Saturday, September 1, 2007

Chutzpah and Other Traits

My Favorite Pen as Though Photographed by Richard Avedon
(An Ancora--anchor; not again--with a fine, flexible point, mother-of-pearl side panels and an authoritative weight.)


Avedon would have used a white sheet and painstaking lighting. I chose a paper towel from the house brand at Von's Market and shot in pure daylight.

This bit of whimsy has already set me to wondering how Annie Liebowitz would have come at it. Or Pod. I think Zoe would have it under a street grate in downtown Philadelphia.

Playing with such conceits, the mind begins to shift gears and get a journey on the way. The process is a combination of college humor magazine and the pre-blog, almost Talmudic dialogue between artists and generations called framing.

It was Geoffrey Chaucer who, so far as we now know, gave us the word "pander" thanks to his character Pandarus, in Troilus and Cressyde.
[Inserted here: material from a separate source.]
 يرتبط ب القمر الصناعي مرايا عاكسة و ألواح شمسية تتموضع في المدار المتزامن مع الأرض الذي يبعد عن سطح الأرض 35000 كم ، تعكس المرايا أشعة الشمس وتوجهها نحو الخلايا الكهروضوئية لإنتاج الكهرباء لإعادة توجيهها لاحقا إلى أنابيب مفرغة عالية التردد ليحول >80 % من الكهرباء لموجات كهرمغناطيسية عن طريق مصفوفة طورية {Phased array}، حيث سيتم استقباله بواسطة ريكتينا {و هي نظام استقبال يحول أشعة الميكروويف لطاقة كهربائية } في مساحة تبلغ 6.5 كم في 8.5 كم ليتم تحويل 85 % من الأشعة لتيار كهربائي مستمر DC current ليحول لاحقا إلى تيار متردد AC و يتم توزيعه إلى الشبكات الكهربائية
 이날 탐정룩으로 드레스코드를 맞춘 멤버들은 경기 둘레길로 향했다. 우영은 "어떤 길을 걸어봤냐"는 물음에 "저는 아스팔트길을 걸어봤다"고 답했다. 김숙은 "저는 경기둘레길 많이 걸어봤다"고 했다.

Shakespeare, who knew a good thing when he saw it, framed the work, giving it another direction and edge, in Troilus and Cressida.

Is Wallace Stevens having fun with Ode on a Grecian Urn with his Jar? Speaking of Chaucer,was he having framing fun with Boccaccio, or is it just an accident that The Decameron and The Canterbury Tales are framed about a group of people telling stories? And was it fun and mischief or an accident that James Joyce's Ulysses so scrupulously and, in some places ironically is framed on The Odyssey?
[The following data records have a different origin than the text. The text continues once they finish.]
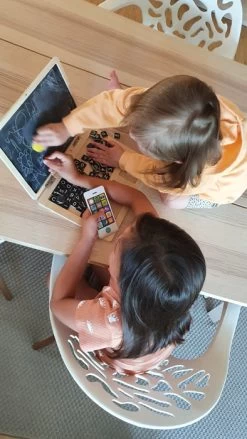 Ein Holz-Laptop für die Kleinen. Die Buchstaben, Satzzeichen und Zahlen sind magnetisch – so lassen sich ganz leicht erste Wörter und Matheaufgaben auf der Magnettafel befestigen. Mit der Kreide sind flink ein paar Bilder und Worte auf den „Bildschirm“ gemalt. Das Schwämmchen wischt alles wieder weg. Ein zeitgemäßes Smartphone aus Holz rundet dieses tolle Lernspiel ab.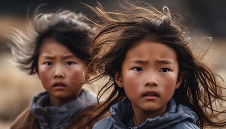 cropped shot of two young girls celebrating together, created with generative ai
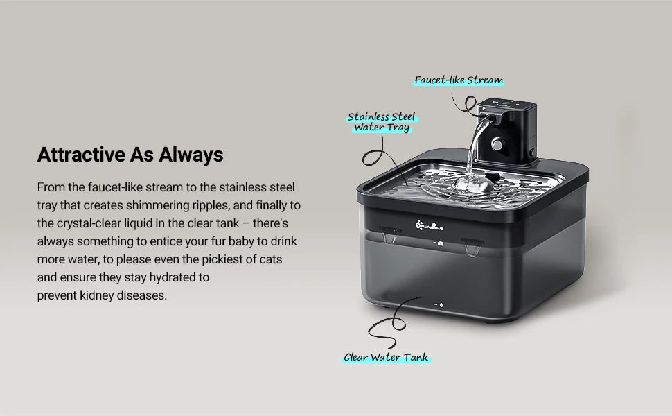 DownyPaws Wireless Cat Water Fountain – 2.5L Stainless Steel Smart Dispenser

Speaking of Boccaccio, what should we make of Ten Days in the Hills by Jane Smiley, or indeed, what should we make of Smiley's estimable Thirteen Ways of Looking at a Novel? No problem if we haven't read Thirteen Ways of Looking at a Blackbird by Wallace Stevens.

It is difficult to think that Vance Bourjally had not read The Canterbury Tales, and so we must assume some framing intent in his novel about a group of actors, called Now Playing at the Canterbury.

Writers do not only frame to have fun or carry on a dialogue with another author or work, they frame to make fun, sometimes with malicious intent, as in the splendid Cakes and Ale, by W. Somerset Maugham, who was having on Horace Walpole, the Tom Clancy of his day. One of the early romans a clef, Cakes and Ale pilloried poor Walpole by presenting a character very much like him, who was carrying on with the widow of an older, respected novelist whom most readers took to be Thomas Hardy. Absolutely no substance to the roman a clef argument, Maugham said. But what's this? Cakes and Ale featured a character who walked with a limp, stuttered, had just taken a medical degree--all traits possessed by Maugham. Oh, yes; the character's name was Ashenden, a name Maugham used as a pseudonym.

Sorry, have to run off now; Pod has borrowed my pen and is making his move to the door.